Does a cell’s expression of this gene change systematically as the cell sits closer to (or farther from) a plaque?
Gene expression ~ distance
compute_gene_distance_correlation()
For each gene we compute a Spearman rank correlation (rho) between two vectors that share one entry per cell:
The cell’s raw transcript count for that gene.
The cell’s Euclidean distance (in um) to its nearest plaque of the specified type.

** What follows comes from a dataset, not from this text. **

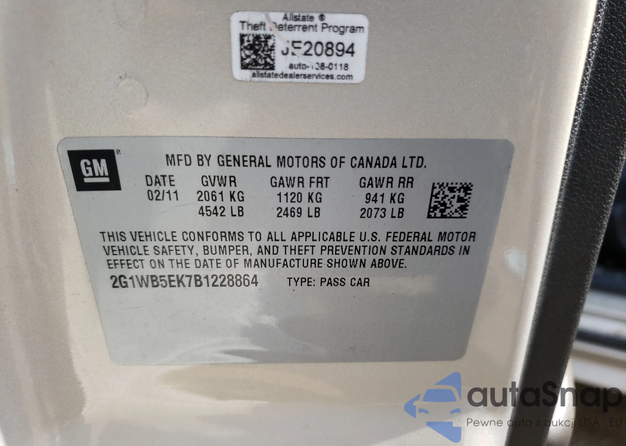 2011 Chevrolet Impala Lt z USA, uszkodzony, nr VIN 2G1WB5EK7B1228864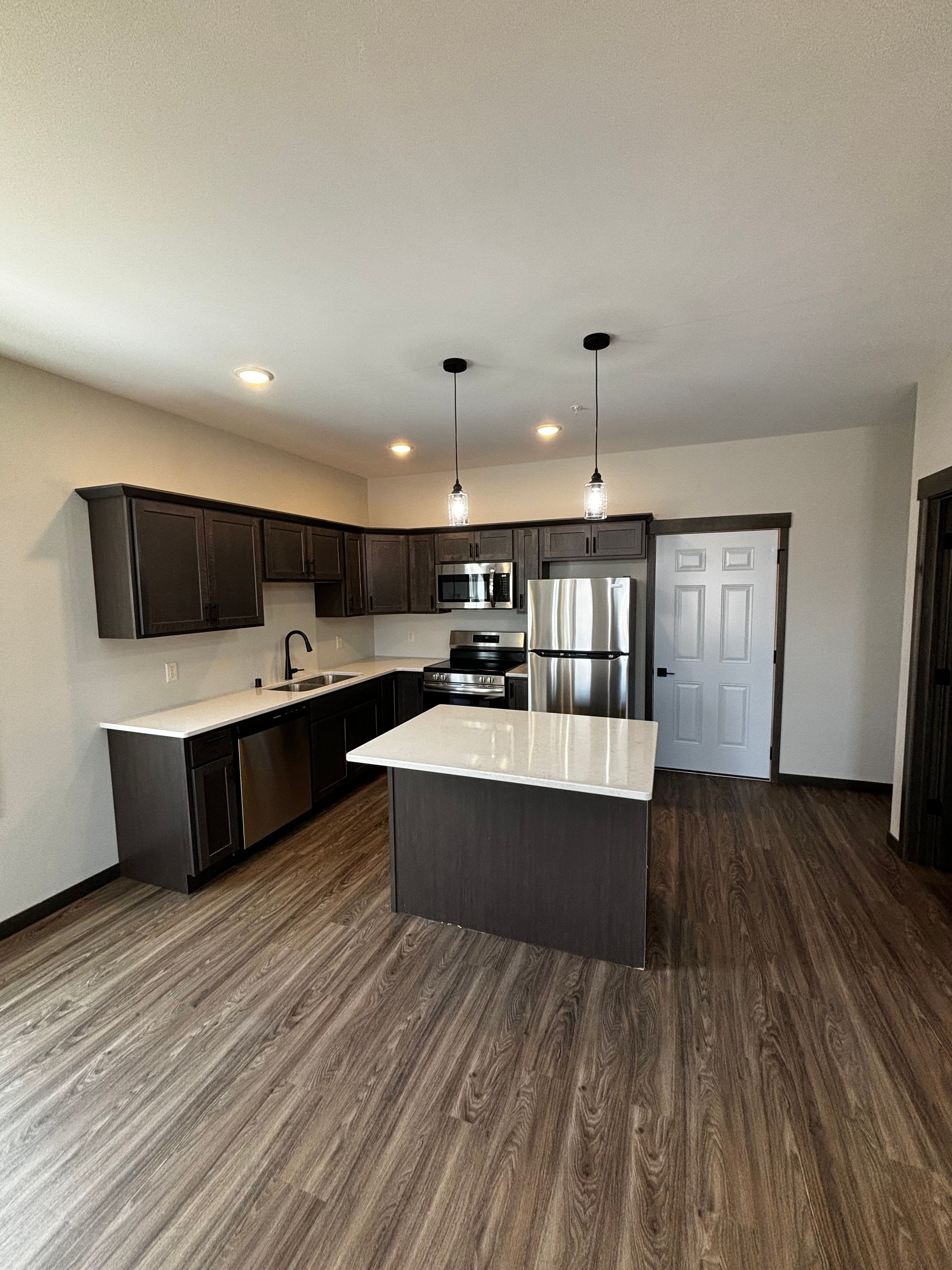 Discover unparalleled modern living in this brand-new, sophisticated 1-bedroom home. Step inside to an inviting open-concept space, where sleek dark wood shaker cabinets, pristine white quartz countertops, and

Spearman correlation operates on ranks rather than raw values, so it captures any monotonic relationship (not just linear) and is robust to the extreme zero-inflation typical of spatial transcriptomics count data. We set exact = FALSE because the large number of tied zeros makes an exact permutation p-value computationally infeasible.
A gene that is highly expressed near plaques (short distance) and lowly expressed far away (long distance) will have a negative rho (high expression co-occurs with low distance). Conversely, a gene expressed preferentially far from plaques will have a positive rho.
To make the results more intuitive,so that “plaque-enriched” genes appear at the top of a ranked list rather than the bottom, we multiply rho by -1 to obtain rho_flip. After flipping, positive values mean “enriched near plaques” and negative values mean “enriched far from plaques”.
We apply the Benjamini-Hochberg (BH) procedure to control the false discovery rate, producing an adjusted p-value (padj). A gene is called significant at padj < 0.05.
Final classification. Each gene is labelled as:
enriched_near — padj < 0.05 and rho_flip > 0 (upregulated close to plaques)
enriched_far — padj < 0.05 and rho_flip < 0 (upregulated far from plaques)
ns — not significant
plot_gene_distance_correlation()
Generates a rank plot. Each dot is one gene.
The x-axis is the gene’s rank (1 = strongest plaque enrichment) and the y-axis is rho_flip (the sign-flipped Spearman correlation). Genes sitting high on the plot are preferentially expressed near plaques; genes at the bottom are expressed far from plaques. The dashed line at zero marks no association.
Orange = significantly enriched near plaques; purple = significantly enriched far from plaques; grey = not significant (BH-adjusted p >= 0.05). The top and bottom genes are automatically labelled, plus any user-specified genes of interest.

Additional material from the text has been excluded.